Excerpts from a dataset
■ ■ ■ ■ ■

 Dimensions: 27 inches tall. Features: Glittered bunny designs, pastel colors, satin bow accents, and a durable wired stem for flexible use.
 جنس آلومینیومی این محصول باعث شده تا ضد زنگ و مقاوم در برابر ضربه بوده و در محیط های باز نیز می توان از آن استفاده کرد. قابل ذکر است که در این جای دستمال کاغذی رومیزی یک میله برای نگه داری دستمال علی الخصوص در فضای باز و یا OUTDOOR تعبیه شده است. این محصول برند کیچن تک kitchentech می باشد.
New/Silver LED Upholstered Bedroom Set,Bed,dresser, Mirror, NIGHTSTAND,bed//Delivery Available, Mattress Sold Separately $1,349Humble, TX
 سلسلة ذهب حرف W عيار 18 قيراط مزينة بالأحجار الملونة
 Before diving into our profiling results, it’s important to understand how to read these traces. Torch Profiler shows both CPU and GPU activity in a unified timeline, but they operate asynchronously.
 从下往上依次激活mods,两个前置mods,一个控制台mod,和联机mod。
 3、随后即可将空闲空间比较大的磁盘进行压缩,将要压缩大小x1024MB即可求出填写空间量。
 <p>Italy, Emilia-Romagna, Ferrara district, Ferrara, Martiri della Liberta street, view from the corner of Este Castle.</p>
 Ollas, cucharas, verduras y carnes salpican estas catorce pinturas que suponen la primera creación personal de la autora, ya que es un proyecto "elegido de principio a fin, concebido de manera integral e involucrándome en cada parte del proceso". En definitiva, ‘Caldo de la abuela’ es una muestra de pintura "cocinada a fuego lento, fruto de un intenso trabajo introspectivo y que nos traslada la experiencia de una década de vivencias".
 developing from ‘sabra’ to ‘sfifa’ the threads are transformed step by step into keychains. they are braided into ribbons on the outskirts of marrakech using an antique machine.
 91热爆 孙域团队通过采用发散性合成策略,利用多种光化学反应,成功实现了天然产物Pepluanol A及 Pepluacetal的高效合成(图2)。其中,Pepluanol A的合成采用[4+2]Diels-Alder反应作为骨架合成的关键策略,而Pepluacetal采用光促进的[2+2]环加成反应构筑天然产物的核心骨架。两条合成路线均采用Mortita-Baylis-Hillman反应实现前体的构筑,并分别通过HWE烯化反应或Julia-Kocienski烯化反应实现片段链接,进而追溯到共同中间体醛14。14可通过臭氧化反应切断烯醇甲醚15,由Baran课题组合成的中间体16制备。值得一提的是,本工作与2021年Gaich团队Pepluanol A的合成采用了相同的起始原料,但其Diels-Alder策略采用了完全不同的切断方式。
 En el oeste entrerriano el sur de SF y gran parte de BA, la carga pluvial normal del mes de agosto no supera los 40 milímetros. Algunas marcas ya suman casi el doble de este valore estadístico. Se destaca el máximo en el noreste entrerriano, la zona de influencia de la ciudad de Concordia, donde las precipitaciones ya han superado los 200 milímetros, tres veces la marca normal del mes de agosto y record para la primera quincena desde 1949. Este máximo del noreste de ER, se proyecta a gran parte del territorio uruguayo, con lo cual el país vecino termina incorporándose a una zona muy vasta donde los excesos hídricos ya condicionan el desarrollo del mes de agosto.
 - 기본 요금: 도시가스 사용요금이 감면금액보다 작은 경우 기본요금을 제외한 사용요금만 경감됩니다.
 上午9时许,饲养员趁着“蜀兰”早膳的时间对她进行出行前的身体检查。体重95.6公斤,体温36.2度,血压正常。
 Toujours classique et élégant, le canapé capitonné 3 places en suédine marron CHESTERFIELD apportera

■ ■ ■ ■ ■

= TASK ITEM =
Of the entries above, transcribe exactly those lines that fall between the line containing "Before diving into" and the line containing "91热爆 孙域团队通过采用发散性合成策略,利用多种光化学反应,成功实现了天然产物Pepluanol A及", together with those two lines.

= WRITTEN SOLUTION =
 Before diving into our profiling results, it’s important to understand how to read these traces. Torch Profiler shows both CPU and GPU activity in a unified timeline, but they operate asynchronously.
 从下往上依次激活mods,两个前置mods,一个控制台mod,和联机mod。
 3、随后即可将空闲空间比较大的磁盘进行压缩,将要压缩大小x1024MB即可求出填写空间量。
 <p>Italy, Emilia-Romagna, Ferrara district, Ferrara, Martiri della Liberta street, view from the corner of Este Castle.</p>
 Ollas, cucharas, verduras y carnes salpican estas catorce pinturas que suponen la primera creación personal de la autora, ya que es un proyecto "elegido de principio a fin, concebido de manera integral e involucrándome en cada parte del proceso". En definitiva, ‘Caldo de la abuela’ es una muestra de pintura "cocinada a fuego lento, fruto de un intenso trabajo introspectivo y que nos traslada la experiencia de una década de vivencias".
 developing from ‘sabra’ to ‘sfifa’ the threads are transformed step by step into keychains. they are braided into ribbons on the outskirts of marrakech using an antique machine.
 91热爆 孙域团队通过采用发散性合成策略,利用多种光化学反应,成功实现了天然产物Pepluanol A及 Pepluacetal的高效合成(图2)。其中,Pepluanol A的合成采用[4+2]Diels-Alder反应作为骨架合成的关键策略,而Pepluacetal采用光促进的[2+2]环加成反应构筑天然产物的核心骨架。两条合成路线均采用Mortita-Baylis-Hillman反应实现前体的构筑,并分别通过HWE烯化反应或Julia-Kocienski烯化反应实现片段链接,进而追溯到共同中间体醛14。14可通过臭氧化反应切断烯醇甲醚15,由Baran课题组合成的中间体16制备。值得一提的是,本工作与2021年Gaich团队Pepluanol A的合成采用了相同的起始原料,但其Diels-Alder策略采用了完全不同的切断方式。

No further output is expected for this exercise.